Just a [slightly off topic] thought...it would be very cool if pydata/sparse could implement a compressed-sparse-blocks format. There are several examples of this out there, although it looks like they are always assuming 2D matrices:

• https://github.com/fcdimitr/CompressedSparseBlocks.jl
• https://github.com/cp2k/dbcsr
• https://github.com/Luke2336/Compressed-Sparse-Blocks

This would map very well to a Zarr, with each chunk forming a block.

[joshmoore]

@ivirshup can say more but my understanding from SciPy was that https://github.com/GraphBLAS/binsparse-specification should be ready for investigations in Zarr-land soon.

[taddyb]

Has there been any progress made towards this in the past several months? @rabernat @joshua-gould @elyall @jbms

Based on the above links to https://github.com/ivirshup/binsparse-python, there hasn't been a binsparse-python commit in ~6 months, so it may be wise to proceed ahead without it. As it's already been mentioned above, there is good dask support for sparse arrays which is a starting point.

While there are complications with variable sizing of some sparse arrays (CSR for example) it make sense to at least start with an implementation to support sparse.COO since it's relatively straightforward.

I'm hoping to take a stab at this over the coming weeks.

[ivirshup]

You should check out https://github.com/graphblas/binsparse-specification, which is more up to date. I haven't had time recently to update my initial python code, but hopefully will get to it in March.

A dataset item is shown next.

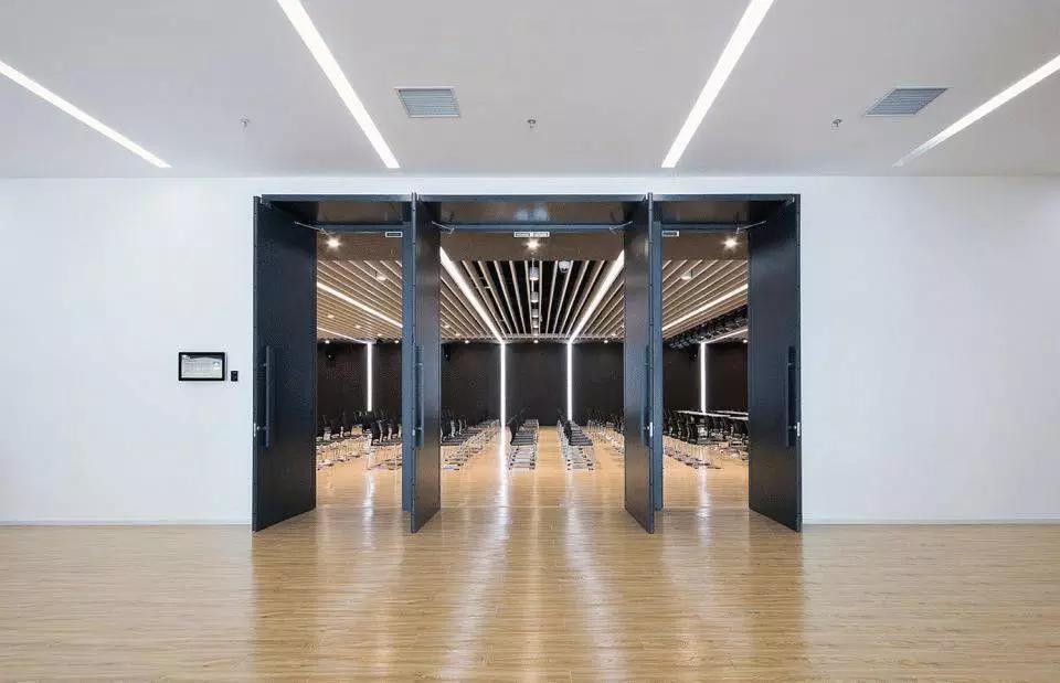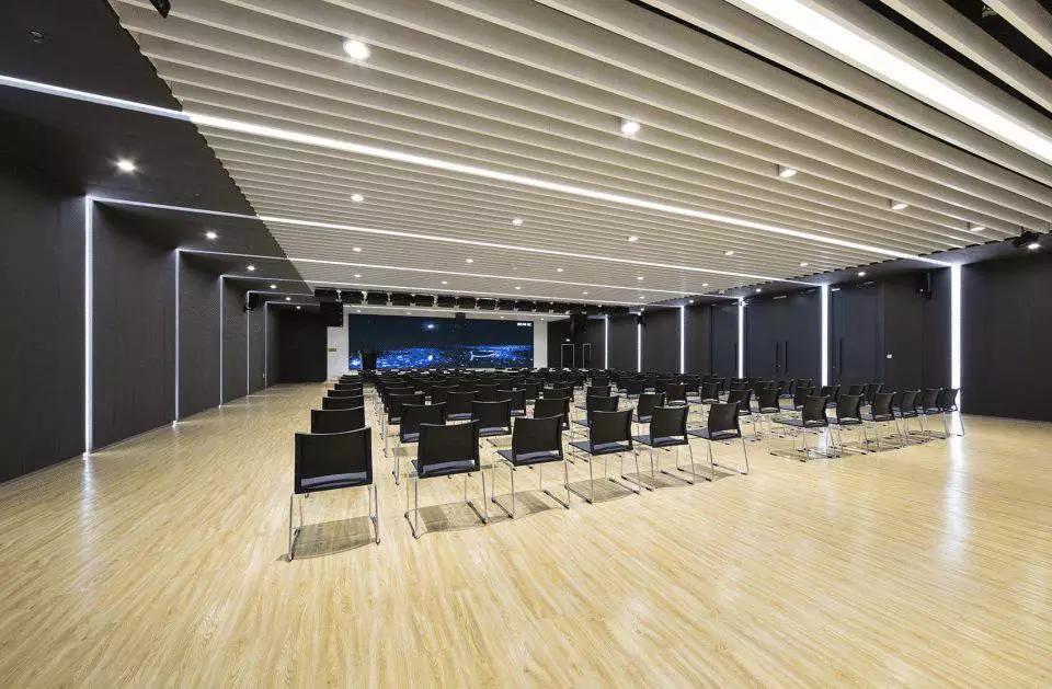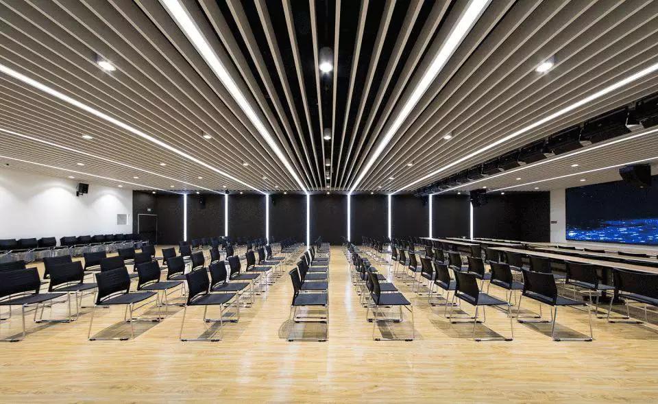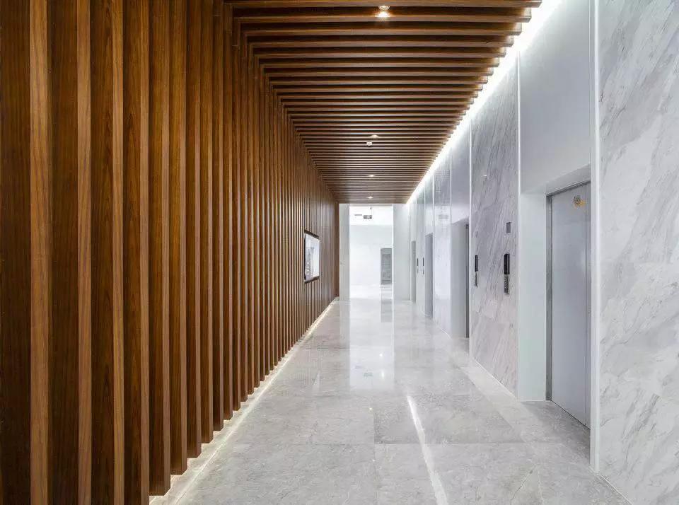 不同的空間內(nèi)容對(duì)應(yīng)不同的材質(zhì)氛圍,從色彩到質(zhì)感,再到意象化的裝飾,我們依據(jù)大堂、會(huì)議、休息室、中庭等不同空間尺度與空間內(nèi)容營造新穎豐富、恰如其分的空間氛圍。溫暖的木色、混凝土板、白色大理石和白色乳膠漆為主要材料,其中報(bào)告廳大異其趣,優(yōu)雅高貴的深灰色布藝軟包與報(bào)告廳的相對(duì)集中和封閉性相得益彰。我們依托原有建筑空間序列,如大堂-電梯廳-等候區(qū)-多功能廳-VIP室-展廳,調(diào)整改變室內(nèi)設(shè)計(jì)的溫度與濃度,為原本純功能理性化的空間組織蒙上一層魅力面紗,讓功能化的“經(jīng)過”變?yōu)橐淮尾簧岬鸟v留與感受。

Currently we are working more on doing stuff with sparse in dask, but I would not call the level of support "good".

[taddyb]

As an update to this thread, I've been working with @ivirshup on updating the initial binsparse-py code for this use case

[Tomatokeftes]

Has there been an update on this issue? Or is there a current workaround for saving sparse matrices on zarr files stores or using them with Dask?

[taddyb]

The current workaround is to use https://github.com/ivirshup/binsparse-python for reading / writing sparse arrays from Scipy Sparse CSR, CSC, and COO formats

[Tomatokeftes]

It would be nice if there was also support for the pydata sparse arrays as they are compatible with xarrays and therefore Dask, which is not directly possible with the scipy sparse arrays. Everytime I try to use Dask to convert the written scipy arrays, I have to densify the arrays, and then make them pydata sparse, which kind of defeats the purpose. Is this something that is being worked on or is planned on the horizon?

Perhaps there is a better way to do this, but I don't know how.